Edward Olearczyk (born 4 March 1915, d. 1994) was a Polish composer. He was born in Rawa Ruska into a Jewish family, and studied with Zbigniew Drzewiecki at the conservatory in Warsaw. From 1939 to 1945 he worked in the USSR, and after returning to Poland, worked in Warsaw as a stage director in the Polish Army.

Olearczyk was known primarily as a composer of popular songs. In 1948 he won the Ministry of Culture and Arts competition for popular songs. In 1952 he initiated the radio shows, "We sing songs: learning songs on the radio." His songs enjoyed great popularity, some even outside the country, especially in the USSR. In 1952, he received the Gold Cross of Merit Award and in 1957 an award from the city of Warsaw. In 1957 he moved to Israel and died there in 1994.

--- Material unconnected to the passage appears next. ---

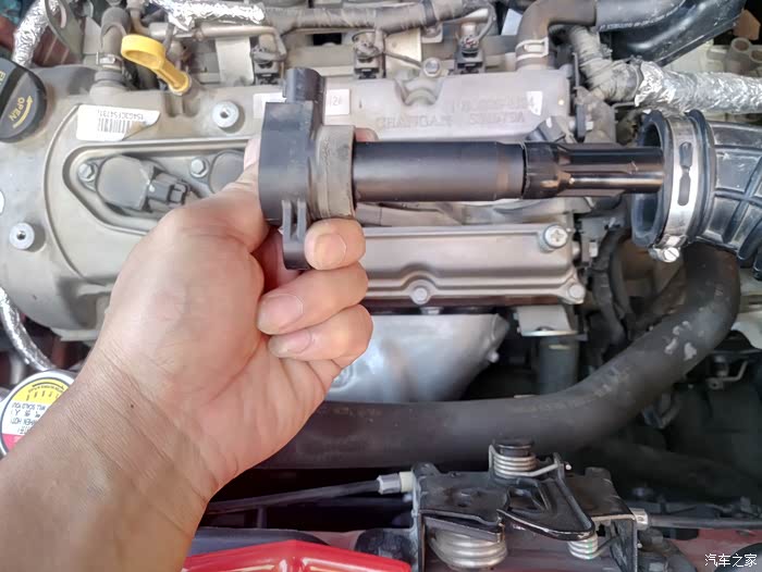 拆掉发动机罩,会换空气滤芯的都会拆,不会拆的看我帖子,拆螺丝,拔高压包,第一次都是有点紧,不要怕,大力拔,用巧劲就可以了!

He married his wife Tamara prior to their immigration to Israel in 1957, along with their son Alon Oleartchik (then Alexi Olearczyk), who is currently a famous musician in Israel. His grandson is Israeli actor and past member of American indie rock band Big Thief, Max Oleartchik.

==Works==
Selected works include:
- Melodie miłości (1952–53) - musical comedy, Miroslaw Łebkowski libretto
- Chłopska kołysanka (sł. Wacław Stępień - 1941)
- Złączone dłonie- 1947 (sł. Robert Stiller - wyd. 1951)

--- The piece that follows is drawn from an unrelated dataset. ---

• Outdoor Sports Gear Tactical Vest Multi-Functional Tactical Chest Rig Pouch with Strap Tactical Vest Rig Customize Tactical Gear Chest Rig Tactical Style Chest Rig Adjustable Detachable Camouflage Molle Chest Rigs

- Piosenka o pepeszy (sł. Tadeusz Urgacz - 1949)
- Miliony rąk (sł. Krzysztof Gruszczyński - 1947 (wyd. 1949)
- Pieśń na cześć towarzysza Bieruta (sł. Jerzy Jurandot - 1949)

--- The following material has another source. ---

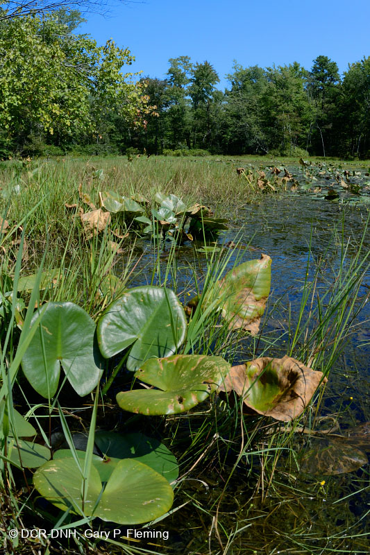Bò đục thường (Nuphar advena) và cá ngừ vảy nhọn (Glyceria acutiflora) trong ao hố sụt bị ngập bán vĩnh viễn tại Khu bảo tồn Khu tự nhiên Bang Deep Run Ponds ở Hạt Rockingham. © DCR-DNH, Gary P.Fleming

- Żołnierze z ZMP (sł. Robert Stiller - 1950)
- Pokój! Mir! Frieden! Paix! (sł. Mirosław Łebkowski - 1950)
- Nasza Partia (sł. Henryk Gaworski - 1950)
- Sztafeta pokoju (sł. Wojciech Lipniacki - 1951)
- Miasto pokoju (sł. Henryk Gaworski - 1951)
- Na strażnicy (sł. Mirosław Łebkowski - 1951)
- Stawaj bracie (sł. Roman Sadowski - 1952)
- Przed świtem (sł. Tadeusz Urgacz - 1952)
- Skowronek (sł. Jacek Bocheński - 1952)
- Kołysanka warszawska (sł. Robert Stiller - 1952)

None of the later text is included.